# Buying flies online



## WhoolyBugger (Aug 25, 2008)

I know a lot of you fellers tie your own, but I have not yet dove into that yet. I ordered from an online site that one of you recommended for good quality, cheap flies. I had a blast and ordered a ton for pennies. The problem is... I forget where I ordered them from. Forget the name of the site, forget who told me where to find em, forget what I had for lunch yesterday... etc

Anyone have any suggestions? 

I know I will remember as soon as I read the name.


----------



## Shortdrift (Apr 5, 2004)

If you made a post asking for help in the past, just do a recall of your posts via your profile


----------



## baitmaker (Feb 21, 2008)

Try www.discountflies.com


----------



## creekcrawler (Oct 5, 2004)

> forget what I had for lunch yesterday... etc
> 
> Anyone have any suggestions?


Yup. Put that thing out halfway. Don't smoke it all at once...


----------



## Patricio (Feb 2, 2007)

Hills discount flies. 
http://www.hillsdiscountflies.com/


----------



## WhoolyBugger (Aug 25, 2008)

creekcrawler said:


> Yup. Put that thing out halfway. Don't smoke it all at once...

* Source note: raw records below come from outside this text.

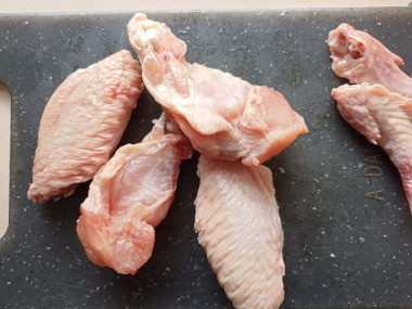 Крылья вымойте и обсушите бумажными салфетками. Разрежьте крылышки на 3 части. Кончики крыльев уберите, они для рецепта не потребуются.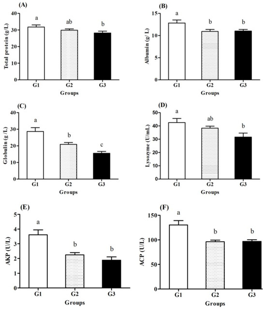 Plasma immune parameters consist of total protein (TP), albumin, globulin, lysozyme, acid phosphatase (ACP), and alkaline phosphatase (AKP) contents. Plasma total protein and albumin content were measured by the Biuret and BCG dye binding method and the bromocresol green binding method [26]. Lysozyme activity was estimated using the turbidimetric assay according to Obach et al. [27]. ACP and AKP activities were analyzed according to a disodium phenyl phosphate method [28].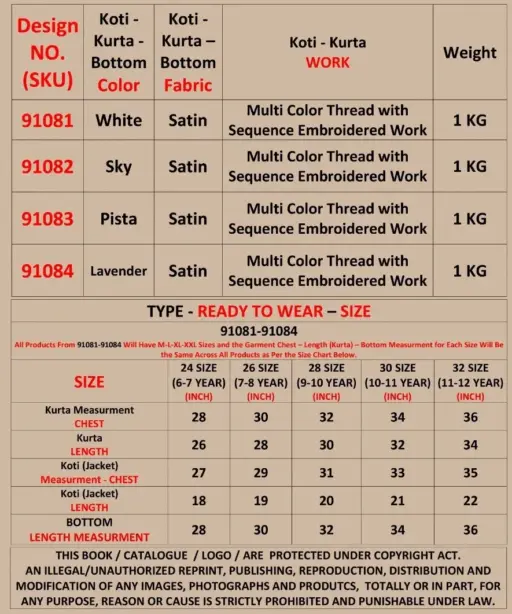 | Kurta | Satin with Multi Color thread and Sequence work |

Sound advice crawler.. Half for me, half for you 

Dude, where's my kayak?


----------



## Smokepiper (Apr 23, 2009)

I'm a fan of flystop

http://www.flystop.com


----------



## fishing pole (May 2, 2004)

bluefly cafe or you could order them from me. I charge $50 a dozen normally but since you are a member here I'll only charge ya $40/doz


----------



## BiteMyLine (Sep 7, 2006)

www.flyshack.com


----------



## mike003 (Sep 8, 2007)

I started buying from this guy on Ebay.
http://myworld.ebay.com/stoaks320&ssPageName=STRK:MEFSX:SELLERID


----------



## TheCream (Mar 19, 2009)

I tie what I can, which is mainly some basic nymphs, soft hackles, egg patterns, some terrestrials, and all my streamers. I order most of my dries, I just can't tie them myself and make them look right most of the time. Everything else I either buy locally at the nearest fly shop or oder online from Blue Fly Cafe. Their online site is pretty good, they ship fast, have a wide selection, and the fish seem to like what they sell. 

My local shop is not real local, it's about a 45 minute drive one way if I hit no traffic. They have great flies tied by hand themselves, but if I am in a pinch and can't make it over there (their hours and my work hours don't mix well), I will order online and have them shipped 2nd day air. You pay a little extra, but I go through more in gas getting over to the shop and back.


----------



## Fishaholic69 (Apr 6, 2007)

www.bigyflyco.com is where i got mine before i started tying


----------



## bephotographs (Aug 24, 2009)

man im terrible i spend the rediculous amount of money i do at gander mountain and kames its just easy when i need like 2 flies or something but i know that wifey would kill me if she seen their price or let alone a box full of them waiting at our door step fishing already pisses her off maybe thats because i go fish when she gets mad at me for something i did


----------



## Fishaholic69 (Apr 6, 2007)

if u pay over a dollar to me thats a rip off for sure. I like these online sites. you pay 50 cents for the same fly they want $1.75 at gander!


----------



## TheCream (Mar 19, 2009)

Fishaholic69 said:


> if u pay over a dollar to me thats a rip off for sure. I like these online sites. you pay 50 cents for the same fly they want $1.75 at gander!


Even worse would be buying flies from a place like Orvis' online site. I really like the Feather Craft site/catalogs, too, but no way am I paying $1.70-$2.00 each for flies I can get for 1/3 that price from another reputable site. Feather Craft has pretty fair prices on materials, I think, but their flies are ridiculous.


----------



## WhoolyBugger (Aug 25, 2008)

Thanks guys... Ahhh now I remember, BigYFly is the place I ordered from before... Thanks FA69 for jarring my memory.

Time to spend more money that I don't have.


----------